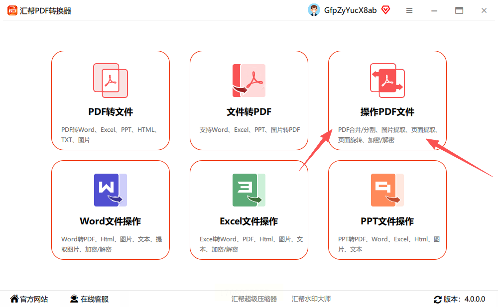 首先通过官网下载汇帮PDF转换器,安装完成后双击图标启动软件。进入主界面后,点击“操作PDF文件”选项,即可进入文件处理功能区。
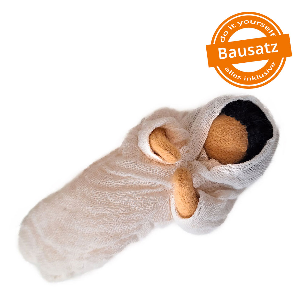 Das Jesuskind liegt friedlich in der Krippe und streckt die Ärmchen in die Höhe. Wenn es schläft, liegen die Ärmchen flach. Das Kind ist fix in seine Windel eingenäht. Die Krippe ist aus Holz, das Heu liefern wir mit.Länge Jesuskind: 11cmMaße der Krippe: 13cm lang - 9cm breit - 7cm lang
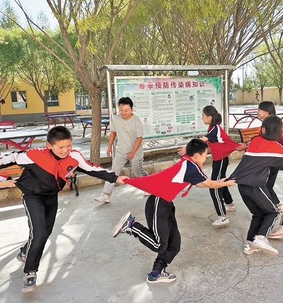 閆澤峰在和學生們做游戲。

> _WHAT IS NEEDED_
Word for word, restate all of the data, but do not copy the pictures.

> _ANSWER FOR THIS EXERCISE_
 首先通过官网下载汇帮PDF转换器,安装完成后双击图标启动软件。进入主界面后,点击“操作PDF文件”选项,即可进入文件处理功能区。
 Das Jesuskind liegt friedlich in der Krippe und streckt die Ärmchen in die Höhe. Wenn es schläft, liegen die Ärmchen flach. Das Kind ist fix in seine Windel eingenäht. Die Krippe ist aus Holz, das Heu liefern wir mit.Länge Jesuskind: 11cmMaße der Krippe: 13cm lang - 9cm breit - 7cm lang
 閆澤峰在和學生們做游戲。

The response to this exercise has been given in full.